Tuesday after our 1-1 tie against mighty Andover, while still padded up, Mel Boucher lowered herself down on one knee in the goal and bowed her head. This time only silence came pouring out of her helmet. The officials were still adding things up, but it looked like she had made an unbelievable fifty-two saves in net. Fifty-two saves coupled with Abby Putnam’s one goal and suddenly Camp Wildcat’s biggest losers were the talk of the town.
That night after dinner and more bowls of Cap’n Crunch, we schlepped to the auditorium for some videos about hand position and defending and attacking off corners. Toward the end of the evening Chrissy Hankl appeared with her trademark baby-blue sun visor.

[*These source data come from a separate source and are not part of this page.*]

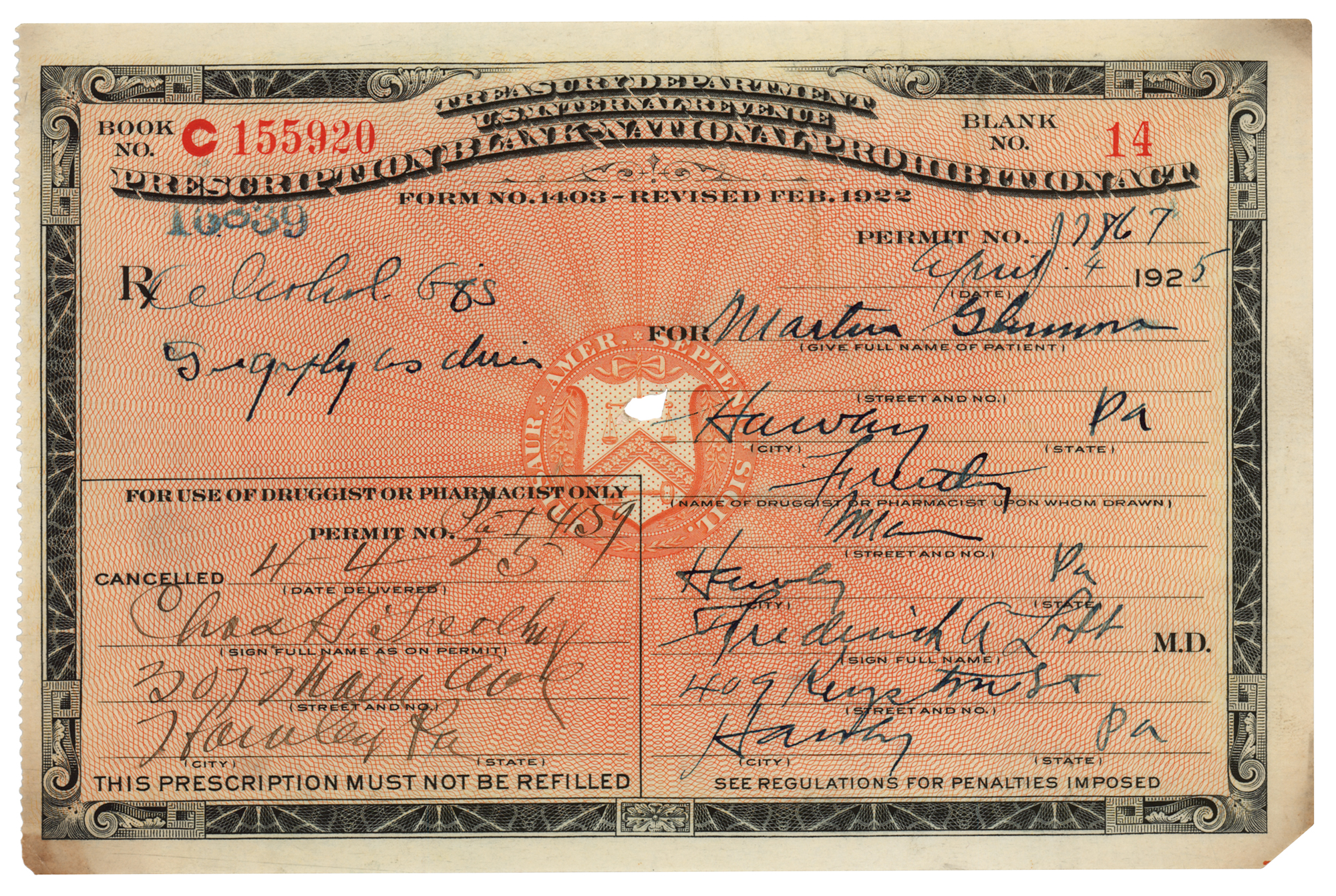Partly-printed document headed "Prescription Blank" issued under the authority of the "National Prohibition Act," one page, 6.75 x 4.5, listing the "Rx" as "Alcohol," and a prescription date of April 4, 1925. Filled by a pharmacist in Hawley, Pennsylvania. In fine condition, with a clipped corner and central cancelation hole.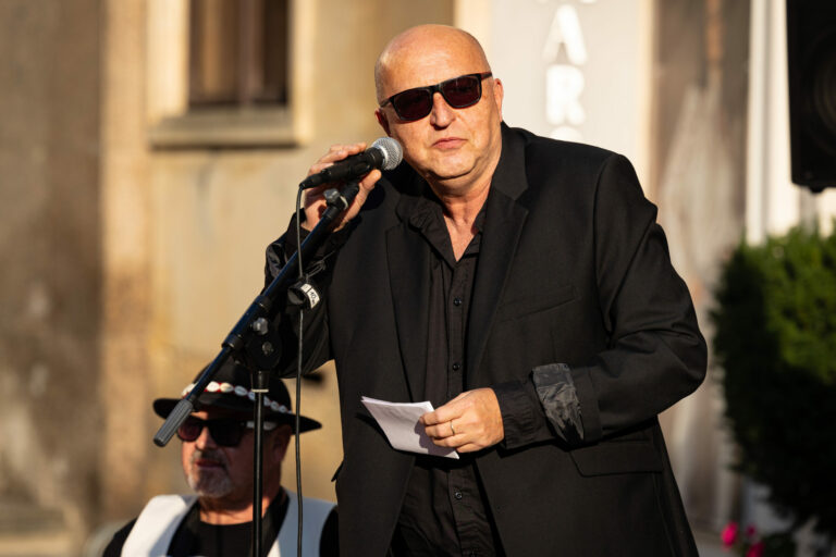 Režisér Roman Polák počas slávnostného odhalenia dlaždice Jurajovi Kukurovi na Filmovom chodníku slávy pred Divadlom P. O. Hviezdoslava v Bratislave. Bratislava, 19. september 2024. Foto: SITA/Jana Birošová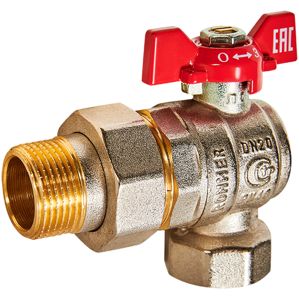 Кран шаровой с американкой угловой ROMMER бабочка 3/4" ВН NEW
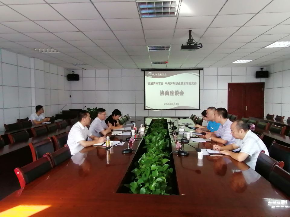 9月8日,中共泸州职业技术学院党委与民盟泸州市委在综合楼415会议室召开协商座谈会。民盟泸州市委主委杜旭林,副主委杨静喜,学校党委书记何杰,副书记张爽,统战部部长尹林等出席会议。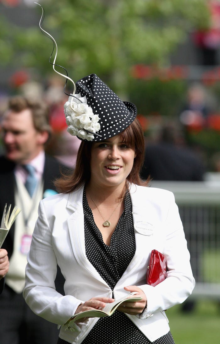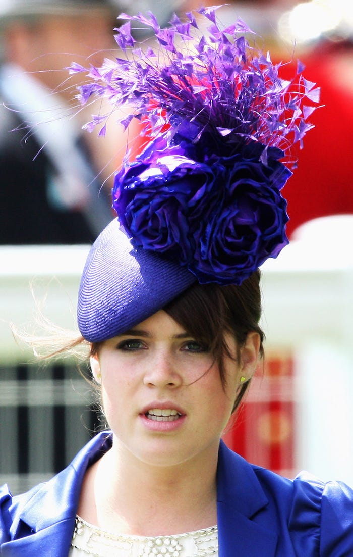 Trong khi nữ hoàng Elizabeth và công nương Kate luôn chọn những kiểu mũ thiết kế nhỏ gọn, thanh lịch, thì công chúa Eugenie lại ưa thích những mẫu khổng lồ đầy kịch tính. Không ít lần công chúa đã nhận về nhiều chỉ trích vì gu thời trang lấn lướt nhân vật chính của sự kiện.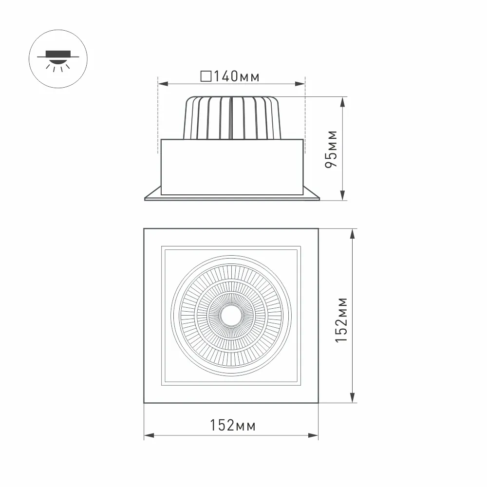 Встраиваемый карданный светильник. Угол 30° / 25Вт / ТЕПЛЫЙ БЕЛЫЙ 3000K / 2200лм, CRI>90. Корпус черный. Питание AC220-240V, 25Вт, 700mA 30-42V, драйвер в комплекте. Размеры LxWxH: 152х152x95мм, отверстие для установки 140x140мм.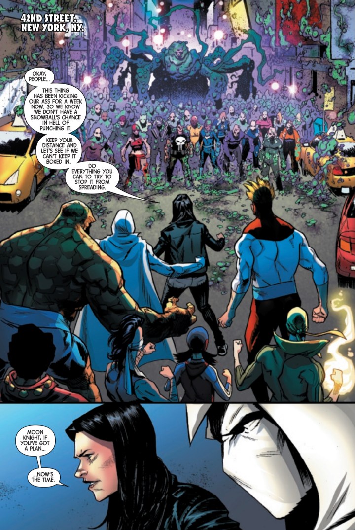 A seemingly unstoppable force has invaded the Marvel Universe, and it’s going to take every hero the streets of New York has to stop it! A strange substance is taking over heroes and citizens alike, draining them of their life force, stealing their knowledge and abilities, and neither science nor magic can stop it! Where did it come from? Can anything destroy it? And who will fall to its awful, overwhelming power?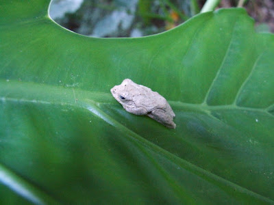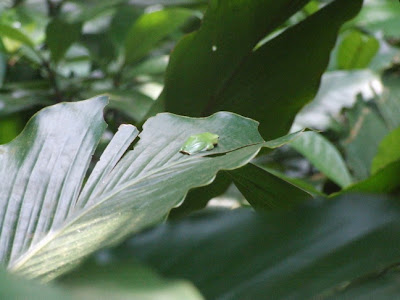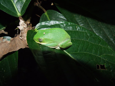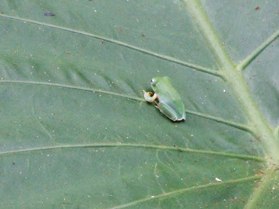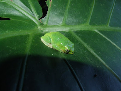 然後是在溼地入口石階右方的姑婆芋上,面天樹蛙一隻;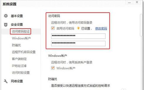 3、访问密码在向日葵界面的“设置”一栏可进行设置,如图。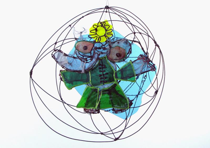 Sculpture murale, verre, métal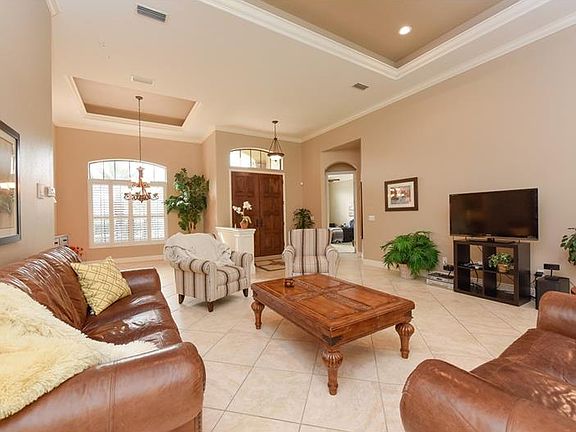 This is a Petz Custom home and is located in Oak Creek one of the most sought after communities in Manatee County. Oak Creek is a warm and appealing community that captures the essence of "French Country" architecture. This home is recognized and associated with impeccable design, quality and finely crafted homes. As you walk through the "Stained Mahogany" wood doors you will immediately notice the large Great Room floor plan with 12' high ceilings, Custom Tray Ceilings, 5-1/4" Crown Moldings and baseboards overlooking the custom pool & spa package while being situated on a private secluded lot with lush landscape. The kitchen has beautiful "Coffee Glazed" wood cabinets and decoratively-edged granite countertops, walk-in pantry, stainless steel appliances, and a large center island with roll-out drawers as well as a large breakfast bar. The outdoor living comes with a huge covered and screened lanai/pool/spa and outdoor kitchen, which makes for a great place to entertain your guest. With this custom designed home you will be amazed at the storage space. This home comes complete with a Built-in intercom and speaker system throughout the home and an "Energy Efficiency" package including Insulated Windows & Sliders, Polymaster Block & Double Ply Radiant Barrier, and a Tankless Water Heater and Recirculating Pump. In this charming and quaint community of only 33 uniquely designed homes centered around a large lake. This home is one of the rare ones. You don't want to miss out!

There was a rumor going around that her hair was attached to it. “Ladies,” she said.
“Apparently the chick doesn’t know us,” whispered AJ Johnson to Becca Bjelica.
“No duh,” replied Becca, as she pulled up her bra strap.
“I’m pleased to announce that a new camp record was set today,” said Coach Hankl. Then she called Mel up onstage and handed her a piece of paper with a pair of field hockey sticks crossed like a shield over some gibberish about excellence. Afterward, we noticed the certificate wasn’t printed on heavy card stock or anything, but we were still happy for her.
“I’ll have what she’s having,” joked Sue Yoon, quoting everyone’s favorite new movie line of the summer from When Harry Met Sally, which they weren’t carding for at the mall, although it was rated R.
Mel shot us a sly wink from the stage, which was surprising because the Mel Boucher we knew was more likely to accidentally wink with both eyes. In the low wattage of the auditorium, her all-American Québécois complexion looked radiant as any seraphim come to deliver the good news. And it was good news. For a team that most recently had posted a 2-8 record, it was wicked good news. Who knew? You scrawled your name in a book and tied yourself up like a pot roast with a piece of smelly blue tube sock and voilà! The world was your oyster. Mel was our very own archangel of darkness. In time, we were all having what she was having. Even Abby Putnam signed on after some initial sputtering. And what Mel Boucher was having was nothing the Judeo-Christian world we inhabited would have smiled on approvingly.
See, it turns out all those long dark hopeless seasons, we’d been putting our chips on the wrong god. Honestly, of all places on earth, the Town of Danvers should have seen us coming.